The lateral line is a clear line or tube that runs along each side of the body, behind the head to the tail. It is found just beneath the skin. It is filled with a jelly like liquid and has sensory nerve endings. It detects vibrations in the water or pressure changes enabling the fish to escape from enemies.

It bears fins at various points on the body. 

It has in its body cavity a long air filled bladder (swim bladder) just beneath the backbone. The swim bladder makes a fish buoyant. It enables the fish to move up and down in the water without swimming. Gases diffuse from the blood into the bladder to inflate it, rendering the fish less dense and when deflated the fish becomes more dense.

Types of fish fins

a. Unpaired fins or median fins: are the dorsal fin, the ventral fin or anal fin and the caudal or tail fin. They control yawing and rolling movement.

b. Paired fins: are the pectoral fins and the pelvic fins. They are used for steering, balancing, braking and diving. They are also used to control pitching.

Nutrition in fish

Tilapia feeds on minute aquatic plants e.g., planktons and animals e.g., mosquito larvae and aquatic protoctist. 

Water containing food is taken into the mouth. As it flows through the slender projections called the gill rakers, it prevents the food particle from escaping.

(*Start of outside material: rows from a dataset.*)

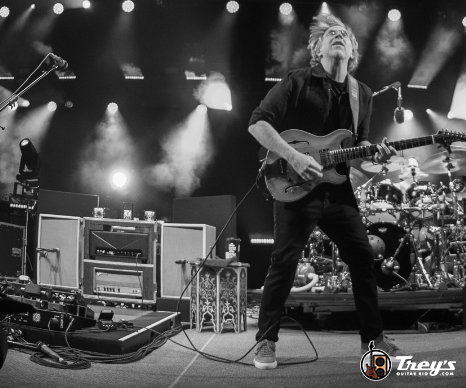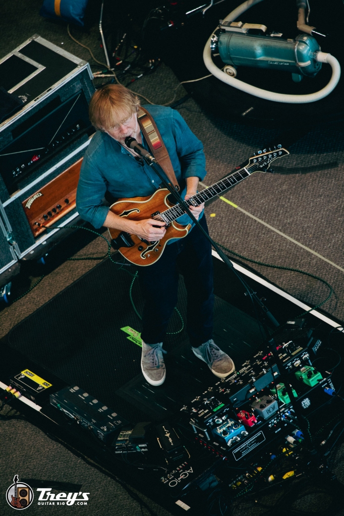 This beautiful shot from Mansfield night 2 gives us a full color look at the rig in its full glory. Note the use of a Cioks AC10 power supply. behind the CAE Wah and Digitech Whammy. The yellow and black box toward Trey’s rear right is a selector switch that allows him to choose to have his vocal mic audible to only the band or to the full audience.
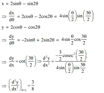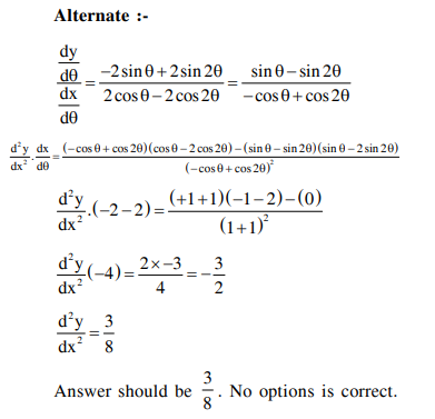Question: If $x=2 \sin \theta-\sin 2 \theta$ and $y=2 \cos \theta-\cos 2 \theta$, $\theta \in[0,2 \pi]$, then $\frac{\mathrm{d}^{2} \mathrm{y}}{\mathrm{dx}^{2}}$ at $\theta=\pi$ is :
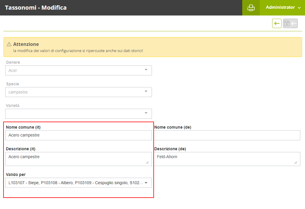 Per alcuni clienti la piattaforma GreenSpaces contiene un elenco standardizzato di tassonomie. Questo elenco è composto solo da nomi scientifici controllati ed esistenti e viene utilizzato per il calcolo dei servizi ecosistemici nel Modulo BENEFITS e per il calcolo del fabbisogno idrico nel Modulo WATER. Fino ad oggi la modifica di queste tassonomie era completamente inibita.
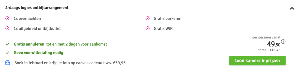 Disclaimer: deze prijs is excl. €14,95 boekingskosten per boeking.
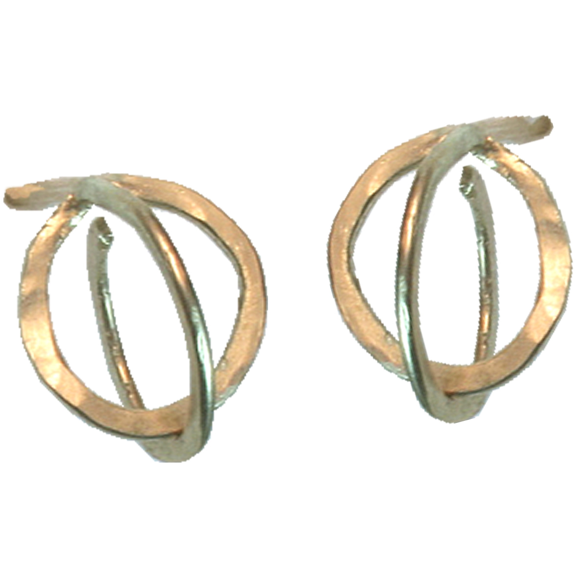 Hammered 3-d double circles, with rubber earnut included, about 1/2" long.
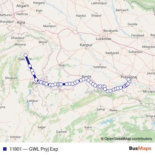 The first stop of the 11801 rail route is Gwalior Jn. and the last stop is Prayagraj Jn. 11801 (GWL Pryj Exp) is operational during everyday.
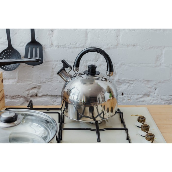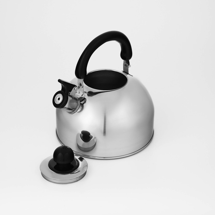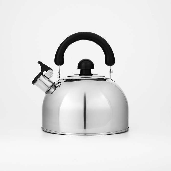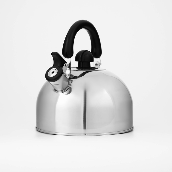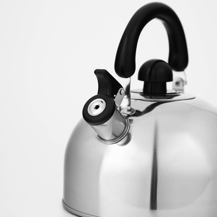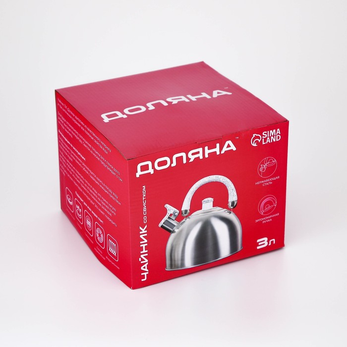 Чайник со свистком из нержавеющей стали Доляна «Чёрная ночь», 3 л, фиксированная ручка, цвет хромированный
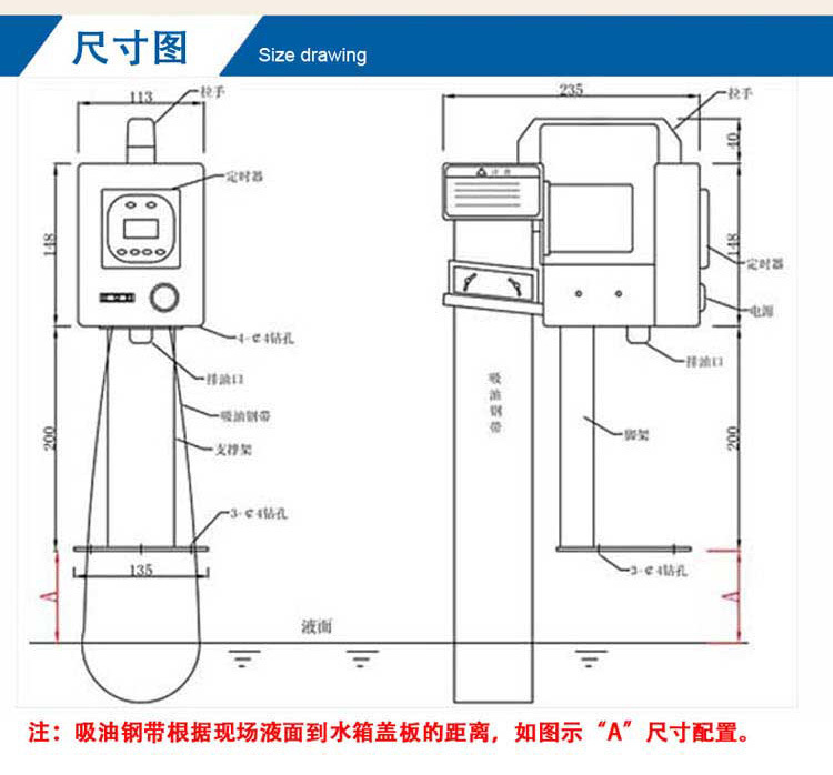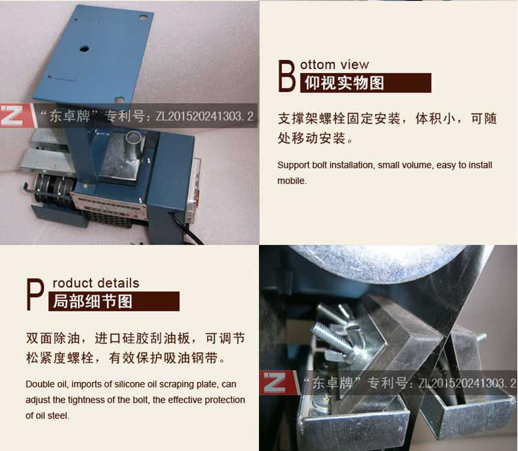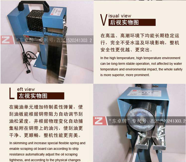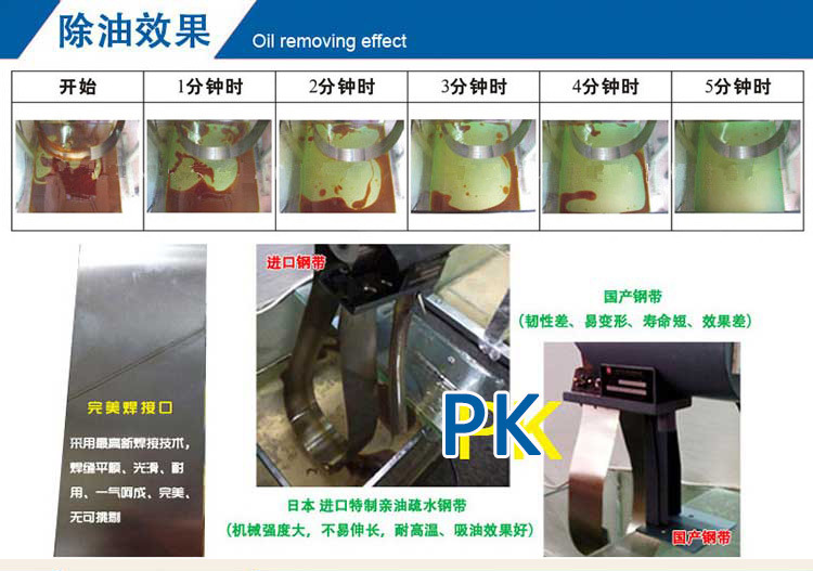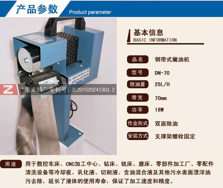 适用于吸除漂浮在水面上多种成份的废油,如(机油、煤油、柴油、润滑油、植物油及其它比重小于水的液体);不管水面上油层厚薄,均可使其聚集和回收。1,机床冷却箱内的浮油回收;2,清洗设备的浮油回收;3,空压机等冷却水箱浮油回收。4,冷却水内的浮油回收。5,其它排水设施的浮油回收。6,与磁性分离器组合分离铁粉、浮渣。7,常用于机床、地沟、排水坑、油池等。

The food then moves into the pharynx behind the buccal cavity and it is swallowed. This is filter feeding.

Excretion in fish

Ammonia is the nitrogenous waste substance excreted. Other excretory substances are excess salts and water. These are excreted by the kidney in urine. Carbon dioxide is excreted by diffusion out of the body through the gills.

Respiration in fish

Structure of the Gill

The gills are the organs of gaseous exchange. Each gill chamber contains four gills. Each gill is made up of two rows of red, soft and slender structures called gill filaments. Each row of the filament is attached to a bony bar called the gill bar or gill arch.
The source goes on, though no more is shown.